Dataset can be downloaded from Kaggle website Online Sales Dataset – Popular Marketplace Data

Libraries Importing

#Import the required libraries

import numpy as np
import pandas as pd
import matplotlib.pyplot as plt
import seaborn as sns

Dataset Loading

#load the dataset
dt = pd.read_csv('Online Sales Data.csv')
dt
Load the sales dataset

Data exploring and cleaning

Before EDA, first we will explore the dataset and perform the cleaning process.

dt.head()
First 5 rows of the data

Here we are checking column names of the data.

dt.columns
Columns names of dataset

dt.info()
Dataset variables data types

from datetime import datetime
dt['Date'] = pd.to_datetime(dt['Date'])

Data column has object data type. We will convert to datetime.

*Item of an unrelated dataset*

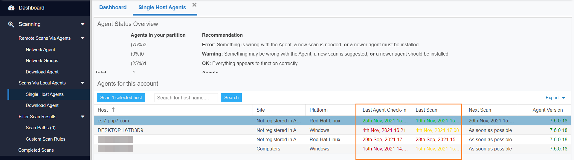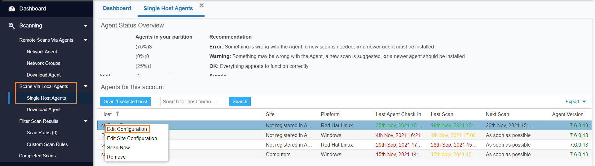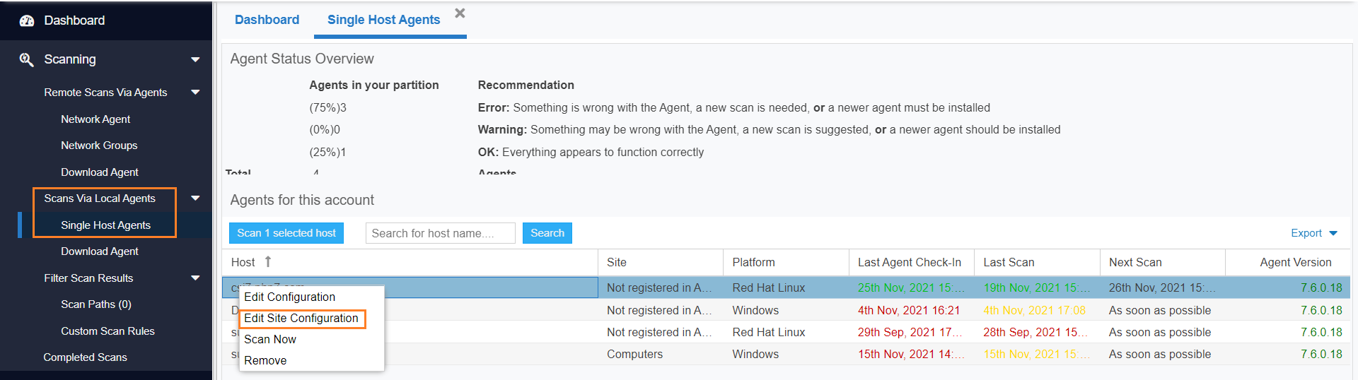 • A Site is linked to multiple hosts, Edit Site configuration reflects the setting changes in all the hosts in that Site. ![](/images/Scanning_Single Host Agents_Edit Site Configuration.PNG)

Important info related data types

Data types information

convert_disc = {'Transaction ID' : 'int32', 'Product Category' : 'string', 'Product Name' : 'string', 'Units Sold' : 'int16', 
                'Region' : 'string', 'Payment Method' : 'category'  }

dt = dt.astype(convert_disc)
dt.info()                
data types conversion

dt.describe()

Description of each column

It tells us description of each integer variable.

dt.isnull().sum()

null values analysis

dt.duplicated().sum()

No duplicate value

Exploratory Data Analysis on online marketplace sales data

Univariate Analysis

(1) Which payment method is mostly used?

pm = sns.countplot(data = dt, x = dt['Payment Method'])
plt.figure(figsize = (12,6))
pm.set_xlabel('Payment method used', fontsize = 15)
pm.set_ylabel('Count of records', fontsize = 15)
pm.set_title('Univariate analysis of Payment Method', fontsize= 14)

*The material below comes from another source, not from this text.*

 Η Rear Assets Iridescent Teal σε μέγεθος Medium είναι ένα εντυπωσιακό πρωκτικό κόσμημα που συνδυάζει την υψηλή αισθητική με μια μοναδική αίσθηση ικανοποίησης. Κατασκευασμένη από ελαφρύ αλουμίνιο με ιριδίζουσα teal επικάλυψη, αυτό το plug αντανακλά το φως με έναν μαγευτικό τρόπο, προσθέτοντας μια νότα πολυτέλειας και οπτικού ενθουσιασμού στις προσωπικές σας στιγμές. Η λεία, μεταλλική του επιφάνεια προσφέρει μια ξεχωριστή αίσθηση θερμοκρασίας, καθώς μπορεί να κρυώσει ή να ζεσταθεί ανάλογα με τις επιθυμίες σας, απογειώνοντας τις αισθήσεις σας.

Univariate analysis of Payment method column of dataset

region = dt['Region'].value_counts() 
plt.pie(region.values, 
        labels=region.index, 
        autopct='%1.1f%%') 
plt.show() 

Pie chart of region column of online marketplace sales data

(2) Top 10 selling products

# Top-selling products by frequency
top_products = dt['Product Name'].value_counts().head(10)
top_products.plot(kind='bar', figsize=(16, 6))
plt.title('Top 10 Selling Products by Frequency')
plt.xlabel('Product Name')
plt.ylabel('Count')
plt.xticks(rotation=45)
plt.show()

Top 10 Selling products

(3) Distribution of Quantities (Total Number of Product Units) sold

plt.figure(figsize=(10, 6))
sns.histplot(dt['Units Sold'], bins=10, kde=True)
plt.title('Distribution of Quantities (Number of Product Units) Sold')
plt.xlabel('Quantity (Number of Units)')
plt.ylabel('Frequency')
plt.show()

# Summary statistics for quantity
quantity_stats = dt['Units Sold'].describe()
print(quantity_stats)

Distribution of Quantities (Total Number of Product Units) sold

(4) Distribution of each product unit price

# Distribution of unit prices
plt.figure(figsize=(10, 6))
sns.histplot(dt['Unit Price'], bins=10, kde=True)
plt.title('Distribution of Unit Prices')
plt.xlabel('Unit Price')
plt.ylabel('Frequency')
plt.show()

# Summary statistics for unit price
unit_price_stats = dt['Unit Price'].describe()
print(unit_price_stats)

Distribution of each product unit price

Bivariate Analysis

(5) How much overall revenue (sales) do you get each month throughout time?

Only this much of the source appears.